Итак – финита, последняя точка близка. Только что во Владимирском соборе догорела свеча. И я глядел, по йоговской плюс собственной методе медитируя, как она горела. И возносился духом к Тому, кто благословляет всё сущее…
– Да будут счастливы, мирны и блаженны все жившие, живущие и кому предстоит…
И воздал благодарение за то, что даровано мне было завершить свой труд.
И обратился к близким своим, с которыми на страницах этих повторил пройденные наши пути-перекрёстки…
– Простите, други, попытайтесь не прогневаться, если сочтёте, будто слишком распластал, вывернул нашу изнанку. На деюсь, други, никто не бросит в меня камнем за то, что из себя-любимого отбил бифштекс менее кровавый, нежели из вас…
И к врагам обратился я…
– Ну-те-с, страх-стресс-Легион, где же твоя карающая длань? Так и не прошлёпали по лестнице неспешные шаги твоих грузчиков-опричников в штатском? А? Прозевали? Выпустили меня? А, ещё протянется длань, прошлёпают шаги? Поздно, голубчики! Теперь шлёпайте, сколько угодно – хоть вверх, хоть вниз: донос мой вы прошляпили. И сегодня вентилирую уже зад умку: а не послать ли вам заказной бандеролью экземплярчик его? Верно, подумываю. Черпулёры вы – и век вам быть черпулёрами, не стоять вам на подхвате!

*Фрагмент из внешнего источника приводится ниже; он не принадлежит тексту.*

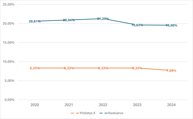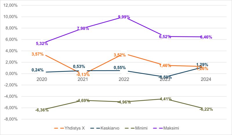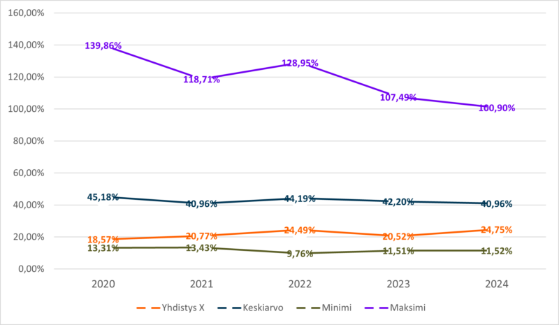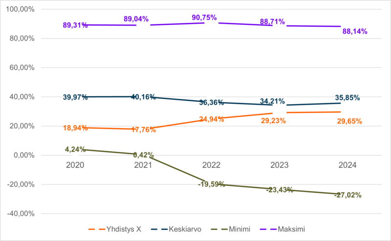 Kuviossa 1 on esitelty aineiston sekä yhden setlementin eli yhdistys X:n liiketulosprosentit vuosina 2020–2024. Aineiston keskiarvojen lisäksi kuviossa on mukana aineiston maksimi- ja minimiarvot antamassa kuvaa aineiston yhdistysten välisestä vaihtelusta. Aineiston keskiarvo koko ajanjaksolla on 0,40 %, eli juuri ja juuri positiivisen puolella. Sinällään tämä on kohtalaisen hyvä tulos, mutta se tarkoittaa myös, että osalla aineiston yhdistyksistä menee hyvin ja osalla heikosti. Kaikilla tarkastelluilla yhdistyksillä oli sekä voitollisia että tappiollisia vuosia, mutta osalla tappiollisia oli enemmän. Tämän artikkelin kuvioissa esimerkkinä käytetty yhdistys X on aineiston kolmanneksi pienin yhdistys. Sillä ei ole opistotoimintaa, mutta se harjoittaa elinkeinotoimintaa yhdistyksen alla. Liiketulosprosenttien osalta kuviosta 1 nähdään, että yhdistys X on vuosina 2020–2024 pärjännyt hieman aineiston keskiarvoa paremmin.
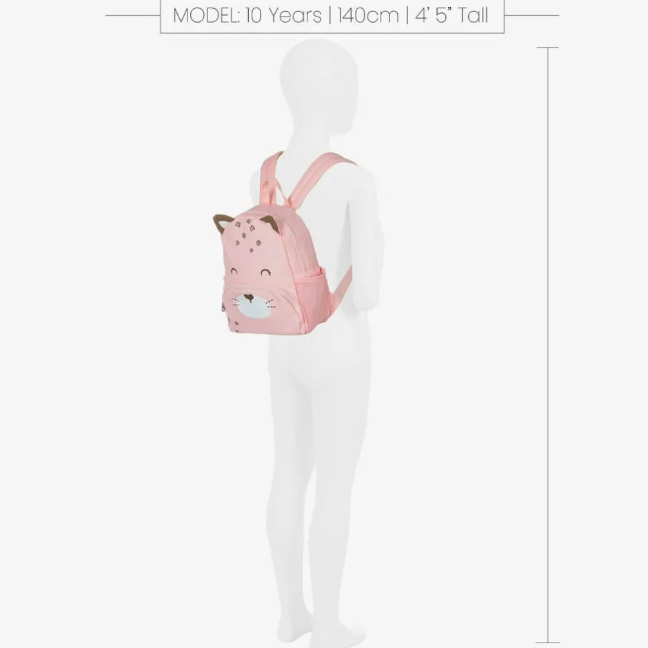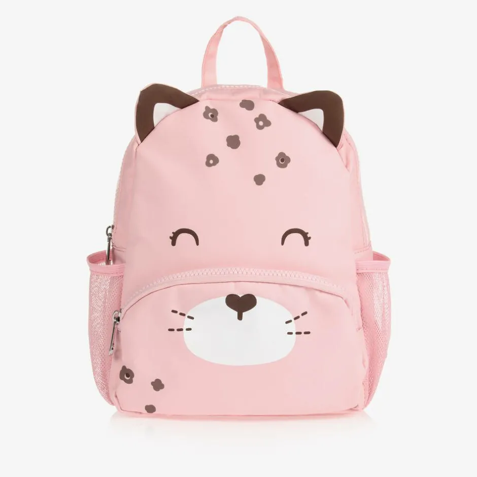 Pale pink, durable canvas backpack for girls by Mayoral, with an adorable cat face printed on the front and 3D ears. The two compartments fasten with zips, there are two mesh side pockets ideal for water bottles and a small card pouch on the back. As well as adjustable shoulder straps, there is a useful carry handle on the top.

Догорела свеча, догорела…»[31]
Сперва Гелий от возмущения (как и я после ареста) объявил голодовку. Но через 24 дня (умеренный срок), убедившись, что этим лишь ослабишь себя в предстоящей и неизбежной борьбе, голодовку прекратил. Но у него начался рак, который тюремные врачи не были способны диагностировать. Начались боли, непроходимость пищевода – никакие клизмы не помогали; это невозможно пересказывать, надо читать его героические записки.

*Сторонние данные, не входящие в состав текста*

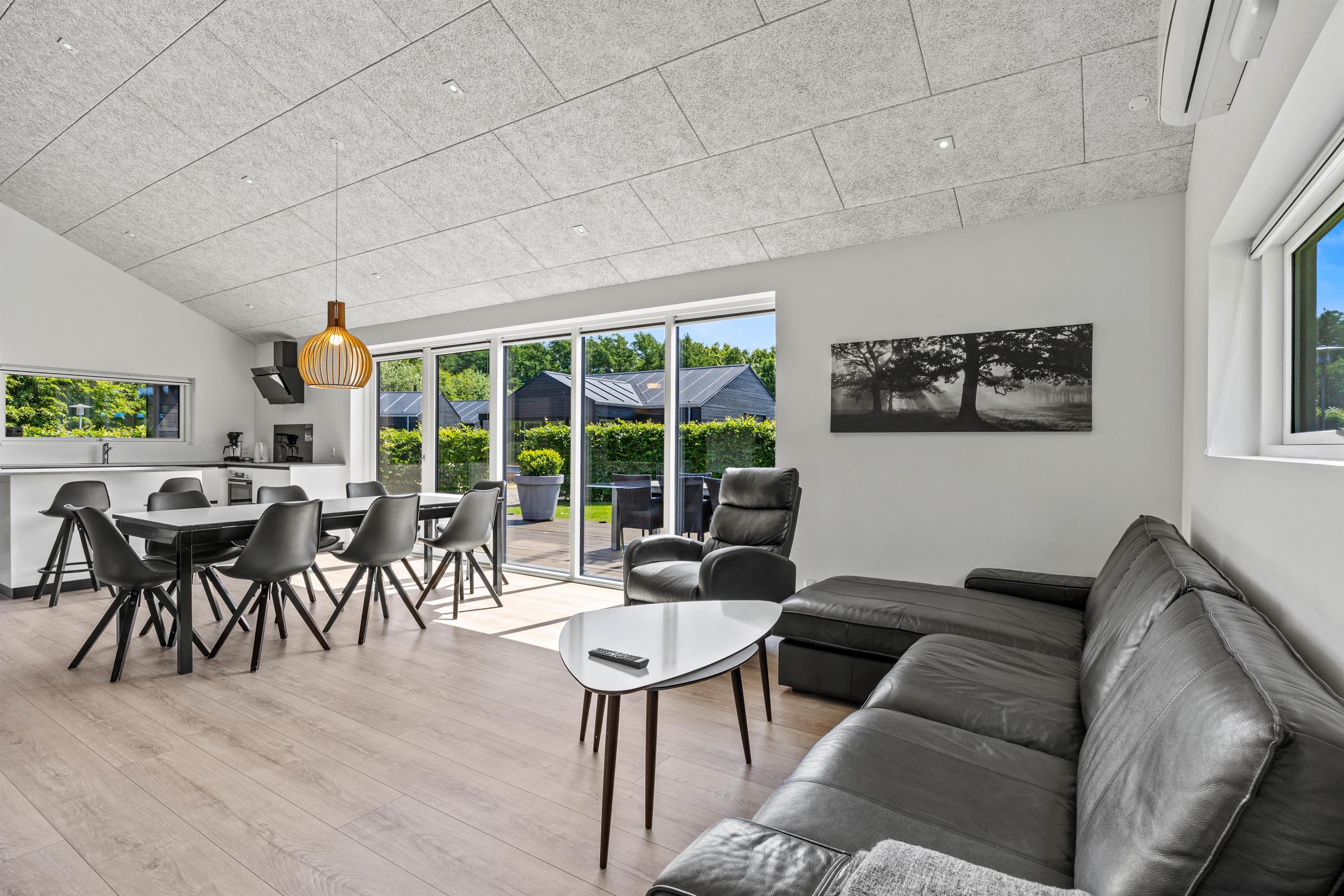 Med plads til 8 personer fordelt på tre dejlige værelser og to hemspladser byder huset på en varm og hjemlig atmosfære fra første øjeblik. De store vinduespartier i opholdsrummet lukker lyset ind og rammer det elegante trælaminatgulv, mens gulvvarmen sikrer komfort på køligere morgener.

«Числа 5 марта начала отниматься правая нога – от носков вверх. Боли в бедре и во всех костях. И в груди. С того же дня перестал без клизмы какать, да и клизмание давало мало: вышла вода, а надуваться невозможно больно (стенокардия). 12-го правая нога отнялась совсем – лежала мертвая и уже не болела, и то же пошло в левой. Не испражнялся уже дней пять. Поставили 17 марта клизму, перетащили меня санитар Шурик (интересная фигура) с одним сердобольным вертухаем на расшатанный стульчак над ведром; вода вышла, дуться не мог. И тогда, изгибаясь и балансируя, сам себе залез пальцем в зад и полчаса выдирал оттуда куски окаменевшего дерьма. Шурик смотрел с ужасом, вертухай убежал вон от вони и грязи. Потом Шурик поливал на руки, на бедра. Как я там отмылся – воняло все дерьмом, а руки, по-моему, до сих пор воняют. Когда меня перетаскивали со стульчака на койку (тот самый сердобольный вертухай и Шурик), Шурик вдруг крикнул:
– Э, ты сцишь.
Пошла вдруг моча, которая уже сутки там сидела»[32].
Через много лет Генрих Алтунян привел меня в здание КГБ на Владимирской – к новому председателю генералу Марчуку в надежде, что он поможет вернуть наши семейные коллекции. Это был первый этаж, а камеры, где погибал Гелий, были под ним – в подвале, и мне казалось, что у меня горят подошвы, что я иду по его запекшейся крови – еще и дорожка на полу была красная.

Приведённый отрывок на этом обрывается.